## Work order
Your answer must be the records below, given again exactly, with no pictures in it.

## Source records
# # # # #
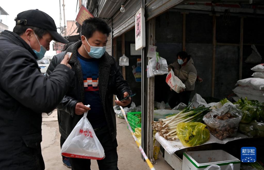 1月7日,西安市未央?yún)^(qū)西唐寨村村民在購買食品。
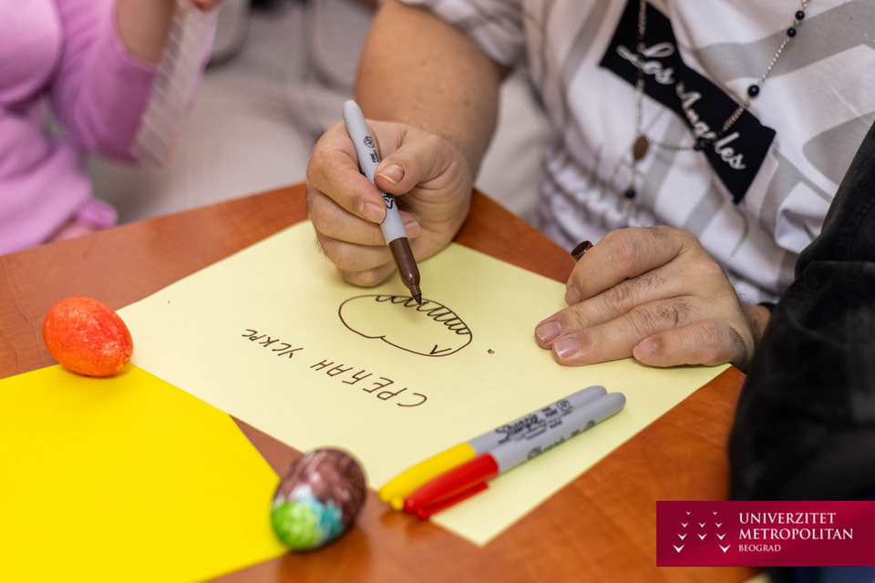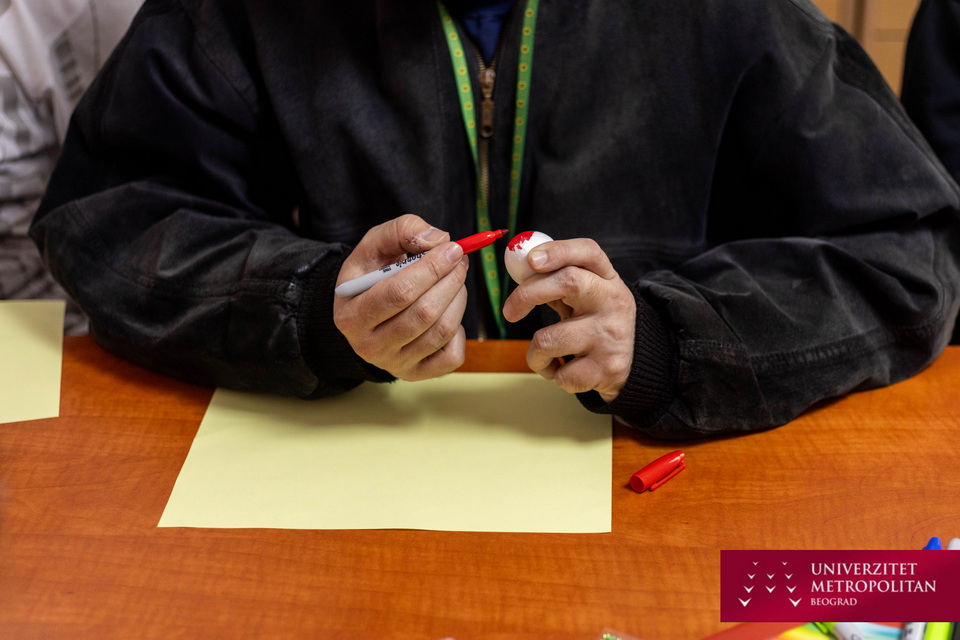 Radionici su se sa puno entuzijazma pridružili studenti sa smera Grafički dizajn u Nišu. Zajedno sa članovima udruženja pravili su uskršnje čestitke, ukrašavali jaja i delili osmehe kroz zajednički rad. Posebnu radost učesnicima su doneli MET pokloni koje su studenti pripremili za sve prisutne.
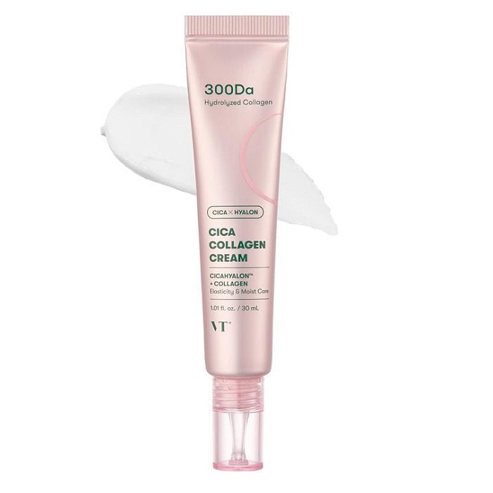VT Cica Collagen Cream este o cremă hidratantă pentru față cu textură lejeră tip gel-cremă, creată pentru a hidrata intens, calma și susține fermitatea pielii. Formula combină ingrediente ce îmbunătățesc elasticitatea, fortifică bariera cutanată și reduc disconfortul, lăsând pielea confortabilă, netedă și mai tânără la aspect. Crema este potrivită atât ca ultim pas în rutina de îngrijire, cât și ca bază înainte de machiaj.
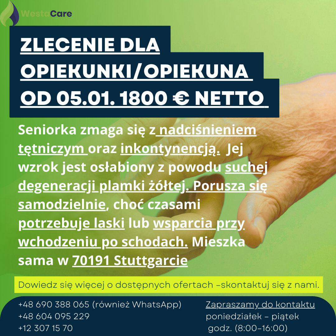Zlecenie dla Opiekunki/Opiekuna od 05.01. 1800 € netto
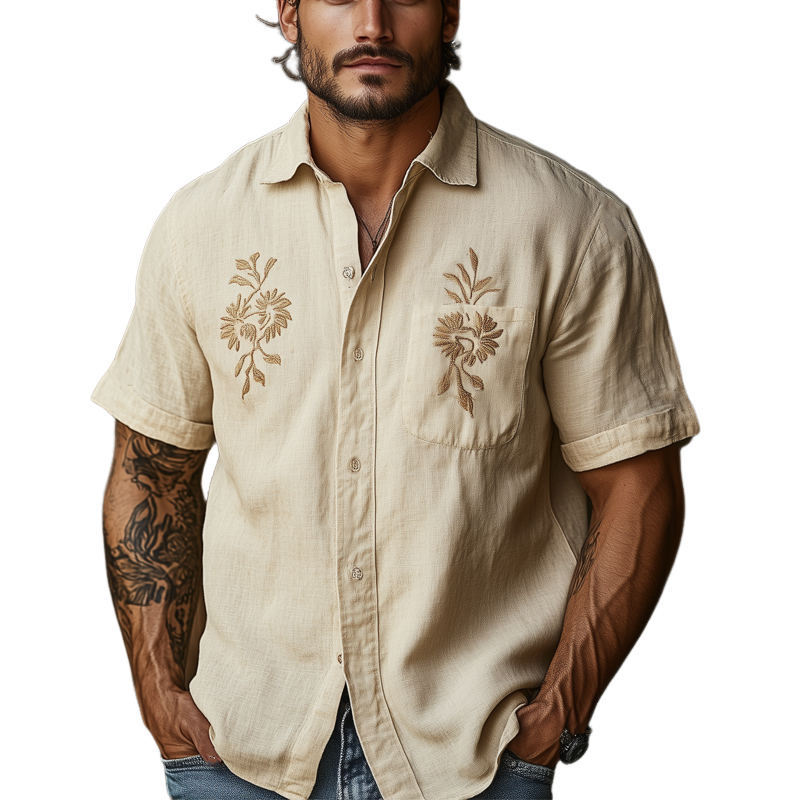 Product Name: Men's Casual Khaki Tencel Vintage Embroidered Short-Sleeved Shirt
# # # # #
## Solution for this problem
 1月7日,西安市未央?yún)^(qū)西唐寨村村民在購買食品。
 Radionici su se sa puno entuzijazma pridružili studenti sa smera Grafički dizajn u Nišu. Zajedno sa članovima udruženja pravili su uskršnje čestitke, ukrašavali jaja i delili osmehe kroz zajednički rad. Posebnu radost učesnicima su doneli MET pokloni koje su studenti pripremili za sve prisutne.
VT Cica Collagen Cream este o cremă hidratantă pentru față cu textură lejeră tip gel-cremă, creată pentru a hidrata intens, calma și susține fermitatea pielii. Formula combină ingrediente ce îmbunătățesc elasticitatea, fortifică bariera cutanată și reduc disconfortul, lăsând pielea confortabilă, netedă și mai tânără la aspect. Crema este potrivită atât ca ultim pas în rutina de îngrijire, cât și ca bază înainte de machiaj.
Zlecenie dla Opiekunki/Opiekuna od 05.01. 1800 € netto
 Product Name: Men's Casual Khaki Tencel Vintage Embroidered Short-Sleeved Shirt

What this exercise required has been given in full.